Sierra - the argument is not that digital is necessarily inferior, but that it is inferior for certain individuals with certain loss profiles. The measurable benefit for someone like me would be this: I have profound, congenital, and very linear hearing loss, with no dead zones. Even the most linearly programmed digital aids feature too much compression for me. Almost no digital aids have enough headroom, which results in clipping, particularly when I listen to music. Moreover, I can hear the difference in sound quality in terms of tone, timbre, resonance, decay, etc. There is an emotional connection to the world around me that is severed with digital. And rest assured this is not the result of any prior bias regarding digital aids.
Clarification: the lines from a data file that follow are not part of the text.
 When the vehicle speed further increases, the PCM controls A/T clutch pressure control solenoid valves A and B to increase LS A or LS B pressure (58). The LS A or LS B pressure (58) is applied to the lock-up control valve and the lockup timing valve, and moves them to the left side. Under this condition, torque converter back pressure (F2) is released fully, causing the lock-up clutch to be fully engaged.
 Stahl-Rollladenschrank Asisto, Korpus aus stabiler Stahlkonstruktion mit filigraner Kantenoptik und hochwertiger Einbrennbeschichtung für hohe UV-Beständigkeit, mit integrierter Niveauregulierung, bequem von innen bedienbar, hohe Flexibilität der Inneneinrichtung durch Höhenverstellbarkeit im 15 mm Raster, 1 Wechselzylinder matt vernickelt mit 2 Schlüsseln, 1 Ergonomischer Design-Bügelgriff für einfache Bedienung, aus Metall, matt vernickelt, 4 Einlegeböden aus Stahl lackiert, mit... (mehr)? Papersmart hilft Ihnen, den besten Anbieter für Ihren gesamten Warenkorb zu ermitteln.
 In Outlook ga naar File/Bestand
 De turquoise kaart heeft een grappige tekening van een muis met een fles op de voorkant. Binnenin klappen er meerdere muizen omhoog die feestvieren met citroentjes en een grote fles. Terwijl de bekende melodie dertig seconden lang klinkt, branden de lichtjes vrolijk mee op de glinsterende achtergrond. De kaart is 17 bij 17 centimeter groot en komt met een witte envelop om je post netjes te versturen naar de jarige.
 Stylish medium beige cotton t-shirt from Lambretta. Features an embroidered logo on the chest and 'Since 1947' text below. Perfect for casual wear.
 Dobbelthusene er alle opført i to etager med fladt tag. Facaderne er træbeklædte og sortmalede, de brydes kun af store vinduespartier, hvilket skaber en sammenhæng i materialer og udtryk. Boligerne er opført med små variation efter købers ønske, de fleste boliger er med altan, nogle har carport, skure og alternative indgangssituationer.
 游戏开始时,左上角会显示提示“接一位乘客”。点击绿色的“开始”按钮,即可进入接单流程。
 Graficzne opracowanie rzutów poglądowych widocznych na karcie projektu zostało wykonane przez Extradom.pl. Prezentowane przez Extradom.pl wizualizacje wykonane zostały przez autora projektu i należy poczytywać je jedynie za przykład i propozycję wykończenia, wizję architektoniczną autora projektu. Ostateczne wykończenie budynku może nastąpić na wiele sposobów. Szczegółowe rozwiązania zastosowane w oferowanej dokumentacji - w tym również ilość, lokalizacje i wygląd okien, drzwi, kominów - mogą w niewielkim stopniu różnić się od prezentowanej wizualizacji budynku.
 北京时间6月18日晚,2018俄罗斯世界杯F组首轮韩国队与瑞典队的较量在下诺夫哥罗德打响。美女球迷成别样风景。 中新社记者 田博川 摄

The best analog aids, of the kind that were readily available in the 90s and first decade of the 21st century didn’t have this problem for me and for many other users. I’m not sure how I can respond if you say the science claims there’s no detectable loss in digital sampling when my phenomenal experience says otherwise. And given the relatively low bit rates and sampling rates (based around the levels of human speech, rather than the much wider dynamic range of the larger world around us), why should my experience be surprising?
I am not at all insisting that no digital aid could ever prove satisfying to folks like me – I know that I would welcome it, so feel free to take that challenge.
Neville - I’ve dug into the publications, and while I remain impressed at the ingenuity of the designers, I’m less impressed by the results of the trials, which strike me as too ambiguous to have justified the total elimination of analog devices. This move (as opposed to just introducing digital alongside analogs) may have been a matter of increased benefit, but the benefits did not necessarily accrue to the patients.
And while your claim about latency detection may be true for progressive loss, what about static loss? My loss has not changed since I was very young, and I frequently notice the latency problem with digital. I agree about the importance of neuroscience here, but everything I’ve read points to the fact that the brain can consistently respond to distinctions in timing and frequency even when the ears cannot.